In the international vocabulary, a new verb is called "to scholz".

It means doing the right thing far too late, if at all.

During his first days in office, the new Defense Minister Boris Pistorius (SPD) came across the legacy of a predecessor who stayed in office eleven months too long because of the "scholzing" in the chancellery.

Meanwhile, the Ministry of Defense has done little to strengthen the Bundeswehr.

It wasn't the chancellor, it was the parliament that had noticed this for months.

At the end of the year, the householders had already complained across factions that more of the 100 billion euros in special money had been burned up in inflation than was invested in equipment and ammunition.
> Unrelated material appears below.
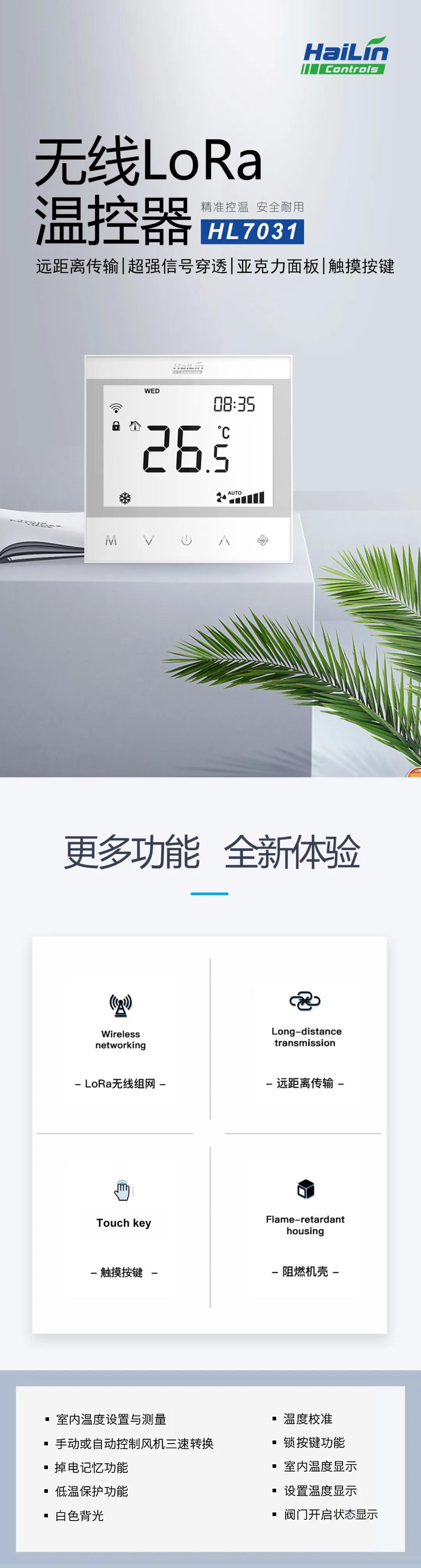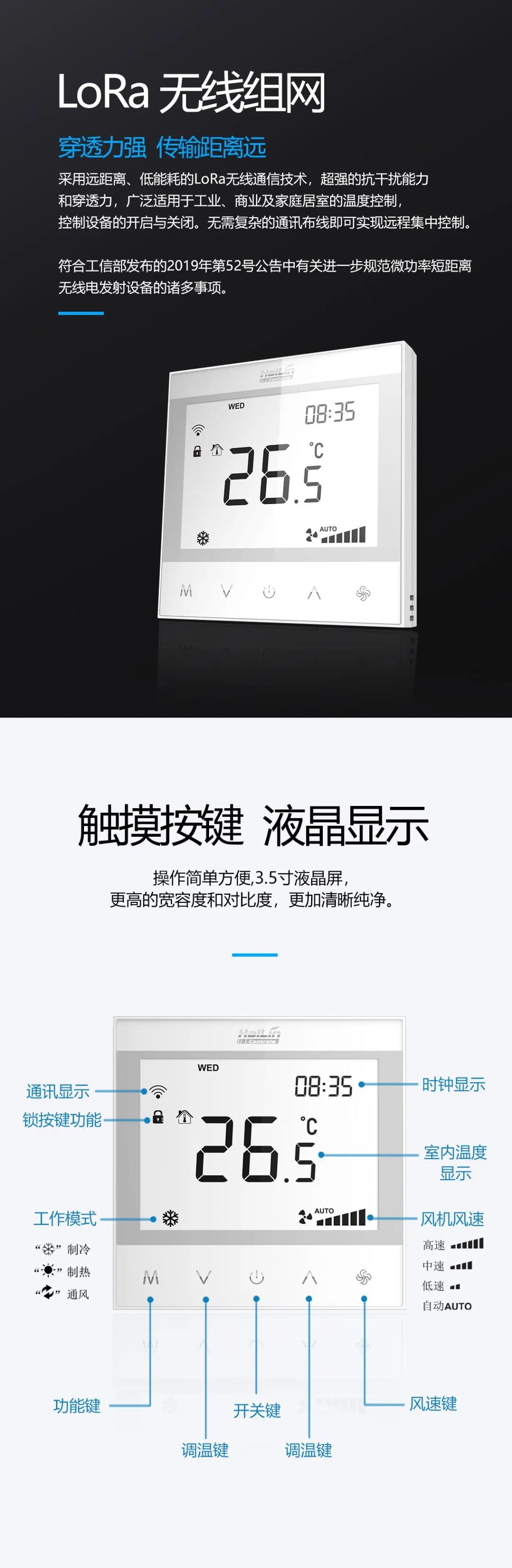 海林最新推出的HL7031無線LoRa溫控器,是溫控器與LoRa無線模塊的結(jié)合,適用于工業(yè)、商業(yè)及家庭居室的溫度控制,同時應(yīng)用在樓宇集中控制系統(tǒng)中。

Pistorius has to catch up on everything

They therefore also demanded proof of the backorders that are necessary to replace the deliveries to Ukraine.

The overview that is now available goes beyond the well-known scholzing in the military bureaucracy: apart from a few howitzer parts and a few trucks, practically nothing was reordered, although hundreds of millions are ready.

State Secretary Margaretha Sudhof is responsible for financial controlling in the Ministry of Defence.

Pistorius now has to make up for everything that was so criminally neglected in the past few months and of course in the ten years before that.

The Bundestag can be an ally in this, because many there have had enough of the routine in the Bundeswehr.